It was not my finest moment,” is how 27-year-old Firas Ahmed from Iraq remembers a day over three years ago, when he was pelting stones at American soldiers during a skirmish on Baghdad’s streets.
The Americans had retaliated by gunfire — a common occurrence those days, Ahmed recounts — when a bullet hit
his hip joint. His life was never the same again, and two unsuccessful operations later, Ahmed reached India in early June this year. His prayer — a restructured hip.
Ahmed was operated upon at the Indraprastha Apollo Hospital on June 13. His hip was completely replaced, doctors told Newsline. Two weeks later, he walked out of the hospital without a limp and was ready to catch a flight back home.

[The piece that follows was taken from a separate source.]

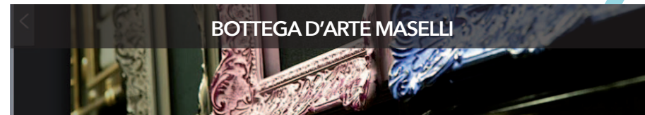
BOTTEGA D'ARTE MASELLI

L'attività, nata nel 1955 come bottega d'arte, si inserisce nell'antica tradizione fiorentina dell'artigianato artistico vantando una clientela privata nazionale e internazionale. Oggi il negozio è una piccola bottega artigianale che, grazie all'esperienza, alla passione e alla cura dei particolari, è in grado di offrire servizi di una qualità impeccabile per la lavorazione di cornici; dalla produzione di cornici artistiche su misura per qualsiasi modello, da noi disegnato o su richiesta del cliente, alla realizzazione della doratura a guazzo in oro zecchino, argentatura e meccatura, al restauro di cornici in legno e pastiglia. Durante le visite verrà data dimostrazione delle principali tecniche di lavorazione.

Senior consultant in the Orthopaedic department, Dr Raju Vaishya said, “Despite two operations before, there were pellets in his hip. The hip was unstable as there was no bone to support it. We reconstructed the damaged cup of the joint using a bone from a cadaver donor.”
Ahmed’s voice betrays a tinge of remorse when he remembers the day nearly three and a half years ago. “I was young and silly. I regret being in the mob that day. But in a mob, one also feels safer,” he told Newsline.
The bullet destroyed his hip bone, and tore through his intestines and abdomen. He underwent two painful surgeries, one left a limb shorter than the other, but none could relieve him of the chronic pain in his hips.